Fixed output schema. The model must return exactly this JSON structure — no approximation accepted:

{
  "nodes": [{"id": "stem_entity", "label": "...", "file_type": "code|document|paper|image|rationale|concept",
             "source_file": "...", "source_location": null, "source_url": null,
             "captured_at": null, "author": null, "contributor": null}],
  "edges": [{"source": "node_id", "target": "node_id",
             "relation": "calls|implements|references|cites|conceptually_related_to|shares_data_with|semantically_similar_to",
             "confidence": "EXTRACTED|INFERRED|AMBIGUOUS",
             "confidence_score": 1.0, "source_file": "...", "source_location": null, "weight": 1.0}],
  "hyperedges": [], "input_tokens": 0, "output_tokens": 0
}

The relation field is constrained to a fixed vocabulary of seven values. The confidence field is a three-value enum (EXTRACTED/INFERRED/AMBIGUOUS). [github] (llm.py:218-232)

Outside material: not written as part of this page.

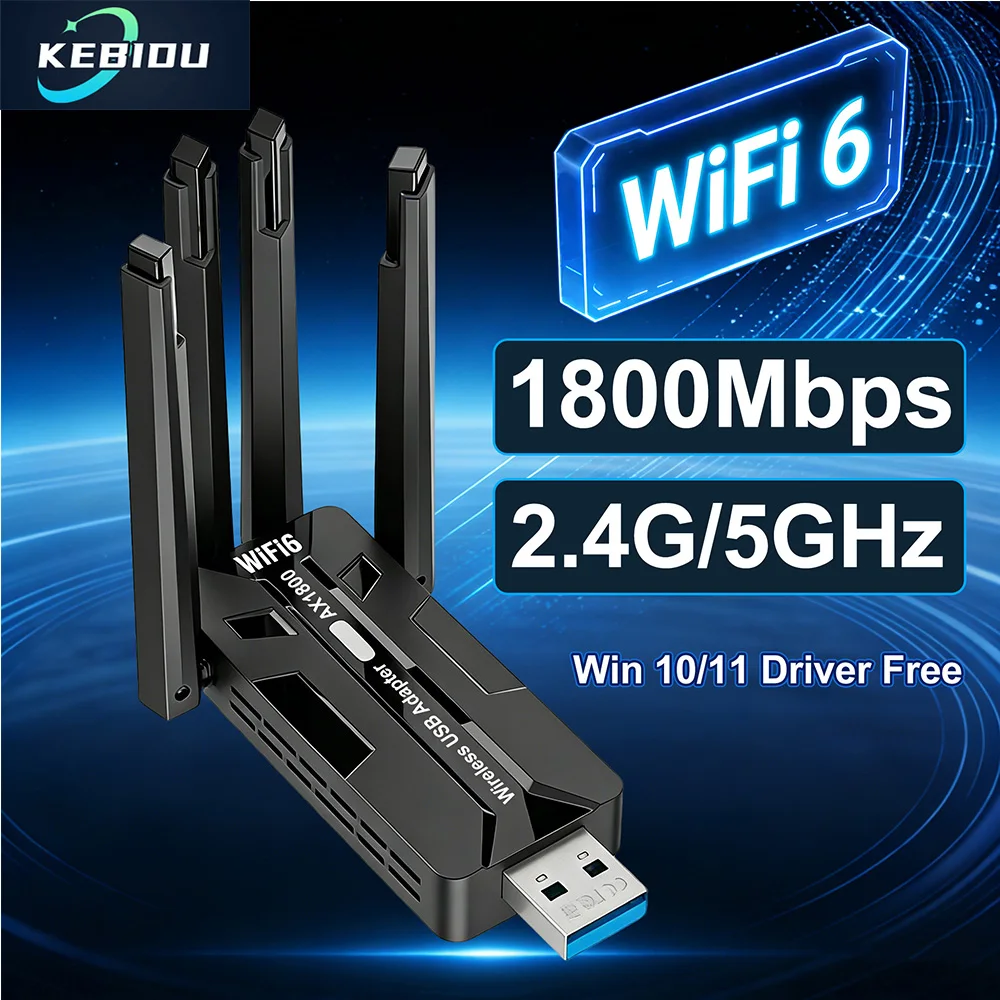 Kebidu AX1800 WiFi USB Adapter WiFi6 Dual Band 2.4G 5Ghz 4 Antenna USB Dongle WPA3 MU-MIMO Wireless Card Receiver for PC/Laptop $13.72

No JSON-mode / grammar enforcement. For the Ollama backend, Graphify passes only {"options": {"num_ctx": ...}, "keep_alive": ...} as extra parameters (llm.py:506). [github] There is no response_format, grammar constraint, or structured-output enforcement. Schema compliance rests entirely on the model's instruction-following ability.

Lenient but not magic parser. The response goes through _parse_llm_json (llm.py:269-303), which strips optional markdown fences and then tries json.loads. If that fails, it scans for the first balanced JSON object in the text. A model that emits its own schema — triples, spans, BIO tags — will produce an empty or nonsense graph, not a graceful fallback. [github]

Temperature forced to 0 for Ollama. The Ollama backend config sets "temperature": 0 (llm.py:65-73). [github]

Deep mode. --mode deep appends _DEEP_EXTRACTION_SUFFIX to the same prompt, asking for extra INFERRED edges with a more conservative framing (llm.py:234-247). [github] The schema stays identical.


The shipped default: why a coder model?

The Ollama fallback default is qwen2.5-coder:7b (llm.py:67): [github]

"default_model": os.environ.get("OLLAMA_MODEL", "qwen2.5-coder:7b"),

Even though Graphify sends documents (not code) for extraction, the maintainer chose a coder/structured-output-tuned model. This is a revealed preference: the binding requirement is structured-JSON instruction-following discipline, not domain entity recognition. A coder/instruct model is the right axis; a NER specialist is the wrong one; frontier reasoning is overkill.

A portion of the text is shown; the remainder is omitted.